So, now Osama bin Laden is dead and the question that seems to be cropping up frequently is whether or not finding him was the result of “enhanced” interrogation techniques (or as it is normally known, torture). The Republicans and other “conservatives” seem to believe that, yes, he most definitely was finally brought to justice because of information gleaned from torture (except they steadfastly refuse to use that term). The Democrats and liberals seem to insist that “it was one source of many” or “we can’t really know” or “surely not.” I say fie on both of them. The correct answer to the question is “Who the F*** Cares?!”
Whoa! Am I saying that we shouldn’t be concerned about torture and its consequences, good or bad? No. I’m saying that the question of whether Osama’s death was the final end result of torture is irrelevant. The question only matters if we take for granted the Machiavellian maxim that the end justifies the means. The ends do not justify the means. The means always have to justify themselves.
It’s been clear for a long time that the Republicans believe that the end justifies the means since that’s been their entire argument for torture lo these many years. I’m disappointed to see that the Democrats seem to have bought in to the possibility that they might be right about that. Let me give you a clue: The ends do NOT justify the means.
So I don’t care where we got the info that eventually led us to bin Laden in the sense that it has no bearing on the question of whether we should be condoning torture. Yes, the question of whether we might have been able to get that info from techniques other than torture is unanswerable, but fortunately, it doesn’t matter; torture is still wrong.
Some people like to justify torture under the “ticking bomb” scenario, i.e. we don’t have time to wait for normal interrogation to work. Those people can’t use Osama to support their argument; it took years for the intelligence, however it was gained, to bear fruit.
When we first learned about the Bush administration promoting the use of torture, one of my arguments with the torture apologists was that information gained via torture was not reliable (because I was dealing with people for whom “it’s morally and ethically wrong” was not a convincing argument). People like those I was arguing against are now arguing, see? we can get good intelligence from torture. I have two responses: 1. I never said that you couldn’t get the truth from a torture victim, just that you are as or more likely to get false information. 2. It’s still morally and ethically wrong!
On Meet the Press this Sunday, Liz Cheney tried to claim that this event proved that torture can get useful intelligence and that she was concerned that we no longer have that weapon in our arsenal. So if stopped clock is right twice a day, does that mean I should make sure I have at least one stopped clock in my house? If even the blind squirrel occasionally stumbles across an acorn, does it make sense to blind a few of the squirrels in the acorn gathering brigade? Ms. Cheney’s argument is ludicrous.
The thing that bothers me the most about the debate over torture, is that a lot of the people on the pro-torture side are the same ones who go on about how we are a Christian nation and that we should embrace our Christian roots. So for those people, let me ask you this question: What would Jesus do? Does anyone seriously want to propose that Jesus would have given the order to commence torture? That He would have accepted the legal arguments of Yoo? That He would have subscribed to the idea that the end justifies the means? Well?

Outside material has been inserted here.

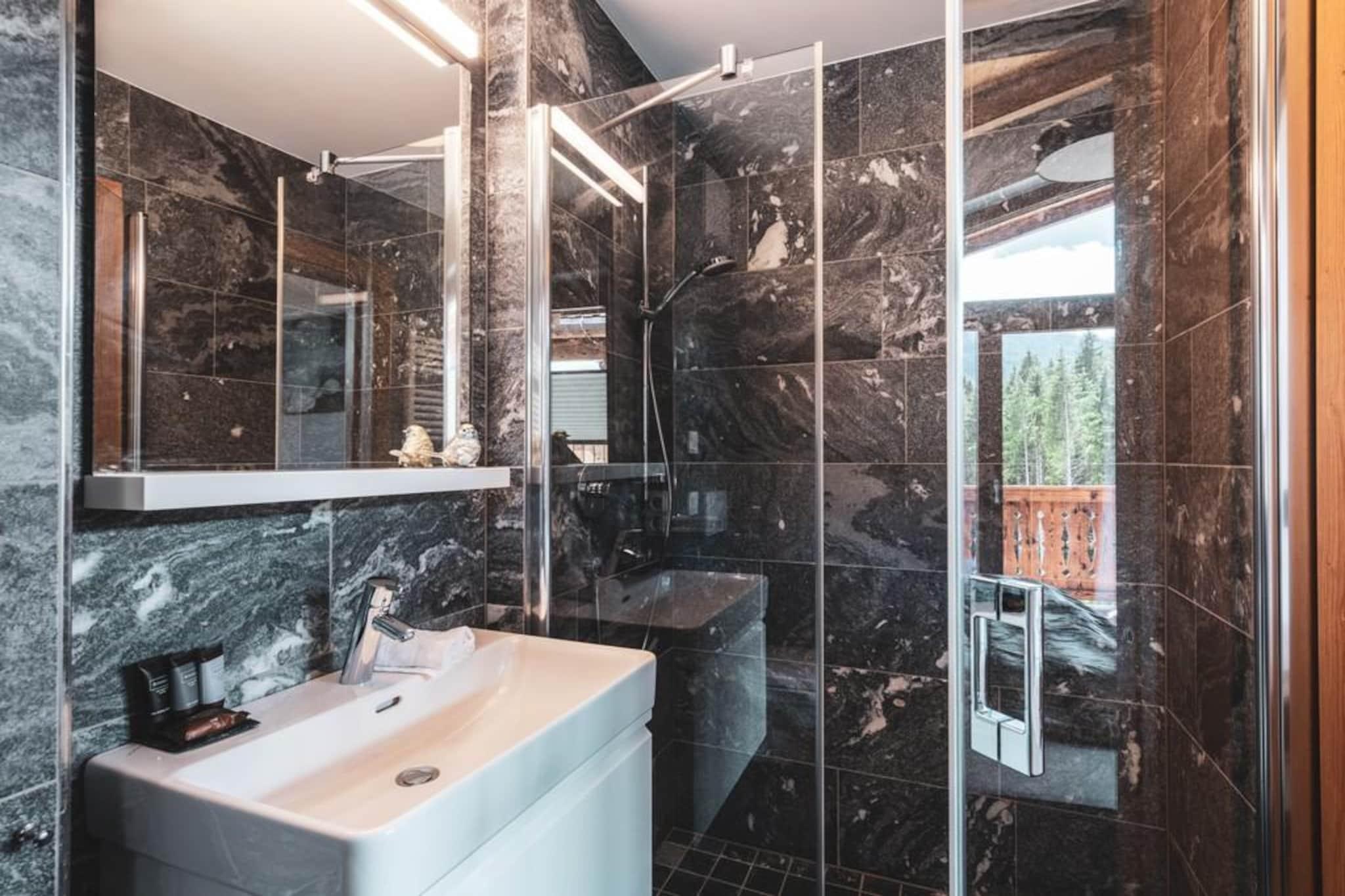 På et helt spesielt sted, sørvest for den velkjente Neukirchen am Großvenediger og midt i frisk fjelluft, grønne enger og vakkert snøhvite åser, ble denne svært luksuriøse hytten bygget på den solfylte skråningen til Roßberg. Den praktfulle hytten er designet med karakter. Bruk av mye tre, spesifikke detaljer og perfekt utførelse kombinert med bruk av materialer av høy kvalitet sikrer et spesielt komfortabelt og luksuriøst hus. Du føler deg umiddelbart hjemme. Hytten din, som du selvfølgelig skal bo i alene, har tre etasjer. En av etasjene er stueetasjen, som gir en enestående utsikt med sine enorme vinduer. I tillegg til stue og spisestue med koselig vedovn, er det et moderne åpent kjøkken utstyrt med oppdaterte hvitevarer. Soverommene, som er spredt over etasjene, er svært komfortable og innredet til en høy kvalitet. Du har også din egen private badstue. Du kan parkere bilen (to stykker) på de delvis overbygde parkeringsplassene. Det er andre hytter i umiddelbar nærhet, og skaper en slags landsby. En skiutleie med skiskole ligger sentralt til. Det finnes også en snackbar med en liten meny for en matbit eller en drink. Vil du ha ferske rundstykker hver dag? Ikke noe problem, disse kan bestilles i resepsjonen. Skiheisen med treningsområde er lett tilgjengelig til fots fra hytten og er perfekt for familier med små barn eller nybegynnere. Erfarne skiløpere kan ta den gratis skibussen til heisen til det praktfulle skiområdet Wildkogel Arena. Med beliggenheten rett ved bakken, kan du gå på ski tilbake til hytta i nærheten hvis det er nok snø. Vil du oppleve noe annerledes? Skiområdene Zillertal Arena eller Kitzbühel/Kirchberg ligger bare noen få minutter unna med bil

Since I heard the news on Sunday night, I’ve been mulling. I was vaguely uncomfortable with the coverage on TV of celebratory crowds forming in front of the White House. Part of why I was uncomfortable was the similarity to pictures I saw in the aftermath of 9-11 of people celebrating our tragedy. I remembered how some of the Internet Conservatives I regularly conversed with reacted to such pictures (badly, as you might imagine…and for good reason). So, I’ve been mulling how to put that discomfort into words. Fortunately for me, I don’t have to. Jim Wallis, CEO of Sojourners, has this blog post on their website. I really have very little to add. I can’t say I’m sad bin Laden is dead, not just because it would be socially unacceptable but also because it would be a bald-faced lie. I will say that I’m sorry it had to come to this, even though the responsibility for that lies as much with bin Laden himself as anybody. I will not congratulate anyone; not the President and certainly not Bush. I can praise the Navy Seal team on a well-executed operation, but I cannot congratulate them. I pray for the day when we can finally put this whole mess behind us.